I think using ./. (or in general specifying the project root; i.e., ./.. in a subdirectory) is an anti-pattern most of the time. You are specifying each file in the project (or each tracked file in the case of flakes) as a dependency, which is not true most of the time. The derivation will be rebuilt at each file change, and some of that rebuilds will be unnecessary.


Now back to your original question; reproducibility issue mentioned on nix.dev is not valid when using flakes because the directory and each tracked file is moved to Nix store and the evaluation happens on that directory in Nix store. Since Nix uses “source” as the directory name for the directory that the evaluation happens in, regardless of the original directory name, there is no reproducibility issue in this regard.

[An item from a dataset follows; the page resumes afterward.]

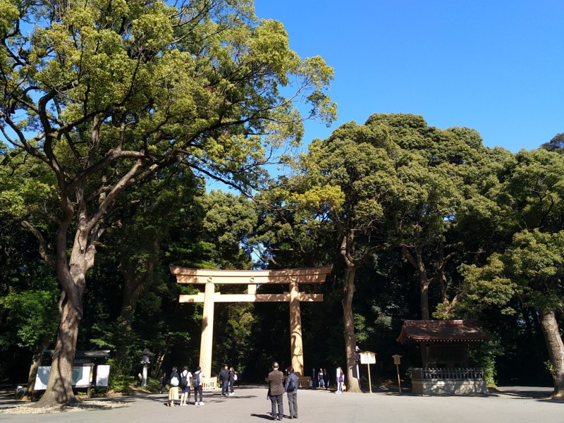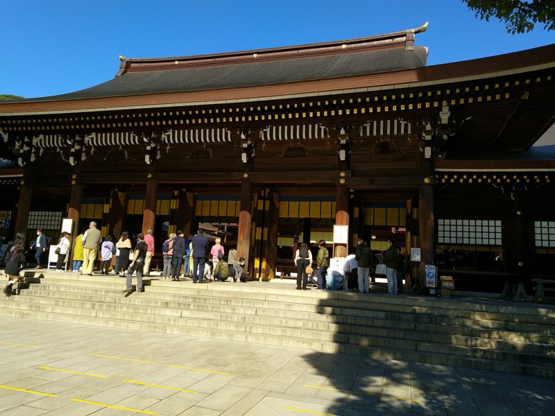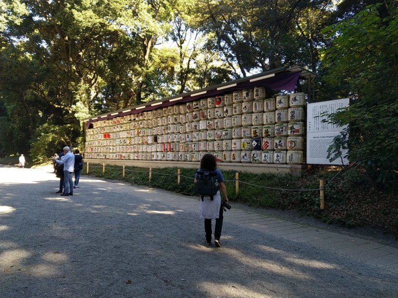 Mit der U-Bahn fahren wir in den Meiji-Park im Westen und schauen uns einen Shintoshrein an, der in einem sehr schönen Park liegt. Die U-Bahn ist ganz schön voll - meinen wir - Keishi zeigt uns Videos von Schuppsern. Leuten die zur Rushhour Fahrgäste in die Waggons quetschen. Unglaublich!

self is an attribute set that has an attribute named outPath that points to the source directory of the flake in the Nix store as a string with context and the attribute set can be coerced to that value with toString.

./. (assuming that is the project root) refers to the same directory as a Nix path. It can be coerced to string both explicitly or implicitly:

  • You can explicitly call toString to coerce to the path to a string with the same value as self.outPath but without a context.
  • Or, the path can be implicitly coerced to a string with "${./.}". In this case Nix will actually move the directory to another directory and the string will be the path of the new directory and it will have a context.

So, if you explicitly use toString with the Nix path (e.g. ./.) there shouldn’t be any inefficiency compared to using self.outPath. But I don’t think you should use the project root as a derivation source as is because of the reason I described in the first paragraph. You should probably filter the directory with builtins.path, nix-filter, etc.